◆ EXERCISE AIM ◆
Every line of the listing below is to be duplicated exactly, with the pictures left out.

◆ SUPPLIED DATA ◆
++++
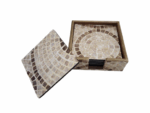 MDF Coaster Set of 6 with Holder – Square Wooden Drink Coasters with Decal/Enamel Mosaic Design
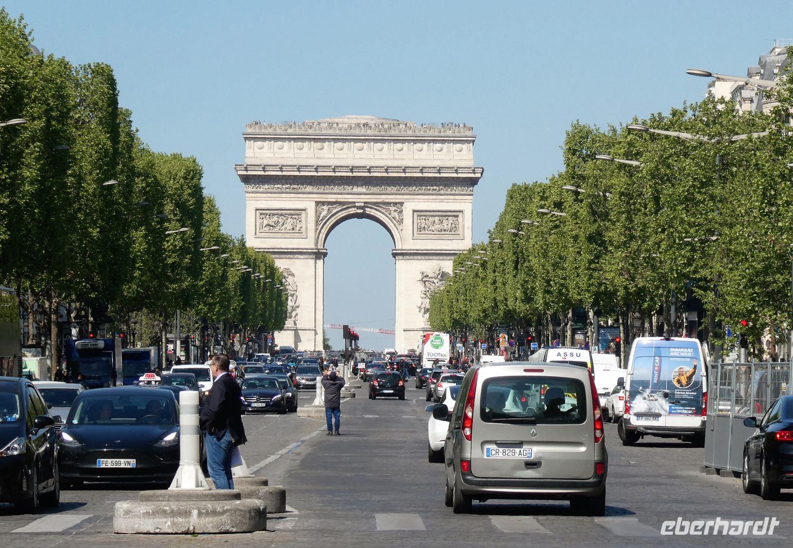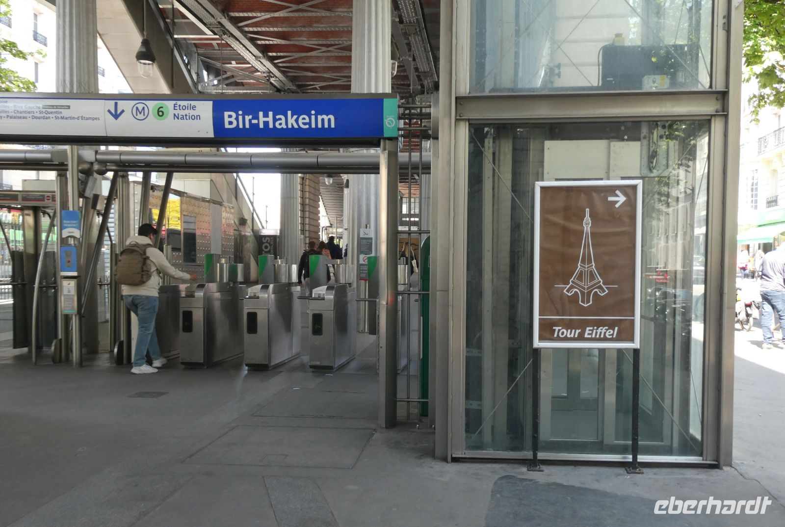 Unsere weitere Metro-Reise wird vereitelt: die M1, die uns zum "Triumphbogen" bringen soll, ist unterbrochen. So beschließen wir zu Fuß über den "Champs-Élysées" weiter zu gehen, vorbei am des Präsidenten. Da wir einen bestimmten Termin zur Besichtigung des "Eiffelturms" haben beschließen wir nach einem Foto des Triumphbogens erst einmal in Richtung Eiffelturm zu fahren um dann eine kleine Mittagspause zu machen. Wir fahren nach "Bir-Hakeim", der Station die einen oberen Metrobahnhof hat. Denn die Pariser Metro verläuft teilweise oberirdisch. Dort finden wir ein Kaffee in dem der wichtigste Hunger gestillt wird.
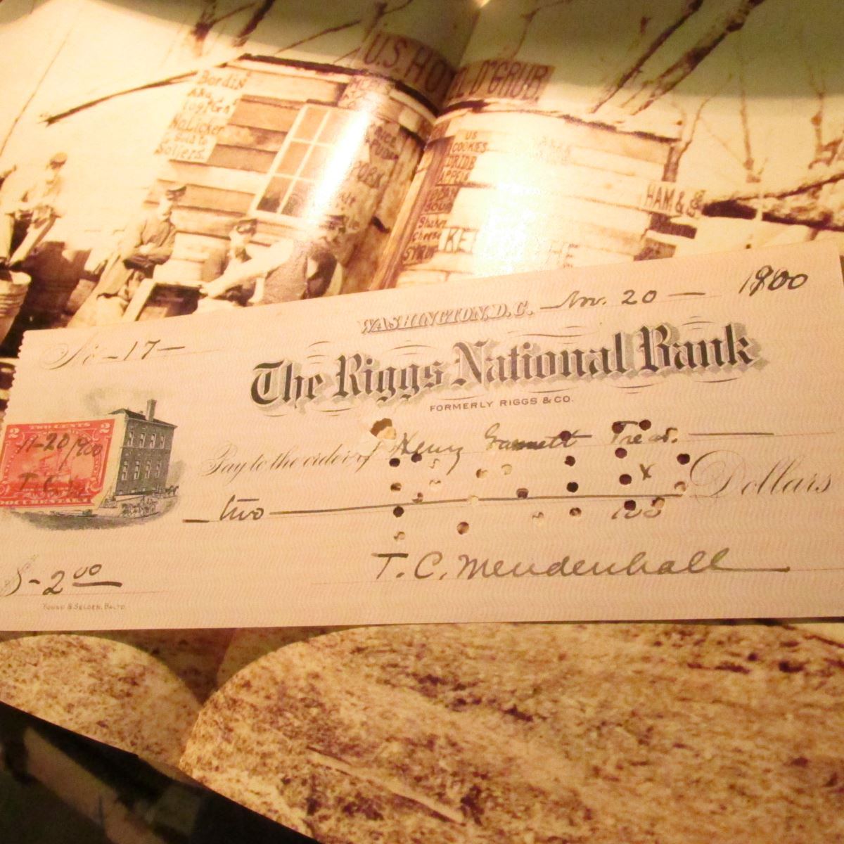 Nov. 20, 1900 "The Riggs National Bank", Washington, D.C. with initialed Two Cent Documentary Stamp. Signed by Thomas Corwin Mendenhall (1841-1924). American Physicist; known for his researches in gravity, electricity, and atmospheric electricity, With vignette of bank. A rare bank check as Mendenhall wrote only 21 checks on this bank (1896-1901). When 'Doc' purchased this piece it had an estimated value of $200-250.00.
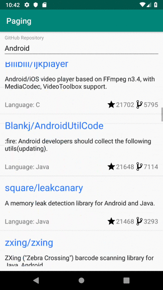 Paging은 LiveData, ViewModel, Room 등과 사용하도록 구현이 되었습니다. 또한 RxJava를 지원하기 때문에 LiveData 대신에 RxJava를 사용할 수도 있습니다.
++++
◆ TASK RESPONSE ◆
 MDF Coaster Set of 6 with Holder – Square Wooden Drink Coasters with Decal/Enamel Mosaic Design
 Unsere weitere Metro-Reise wird vereitelt: die M1, die uns zum "Triumphbogen" bringen soll, ist unterbrochen. So beschließen wir zu Fuß über den "Champs-Élysées" weiter zu gehen, vorbei am des Präsidenten. Da wir einen bestimmten Termin zur Besichtigung des "Eiffelturms" haben beschließen wir nach einem Foto des Triumphbogens erst einmal in Richtung Eiffelturm zu fahren um dann eine kleine Mittagspause zu machen. Wir fahren nach "Bir-Hakeim", der Station die einen oberen Metrobahnhof hat. Denn die Pariser Metro verläuft teilweise oberirdisch. Dort finden wir ein Kaffee in dem der wichtigste Hunger gestillt wird.
 Nov. 20, 1900 "The Riggs National Bank", Washington, D.C. with initialed Two Cent Documentary Stamp. Signed by Thomas Corwin Mendenhall (1841-1924). American Physicist; known for his researches in gravity, electricity, and atmospheric electricity, With vignette of bank. A rare bank check as Mendenhall wrote only 21 checks on this bank (1896-1901). When 'Doc' purchased this piece it had an estimated value of $200-250.00.
 Paging은 LiveData, ViewModel, Room 등과 사용하도록 구현이 되었습니다. 또한 RxJava를 지원하기 때문에 LiveData 대신에 RxJava를 사용할 수도 있습니다.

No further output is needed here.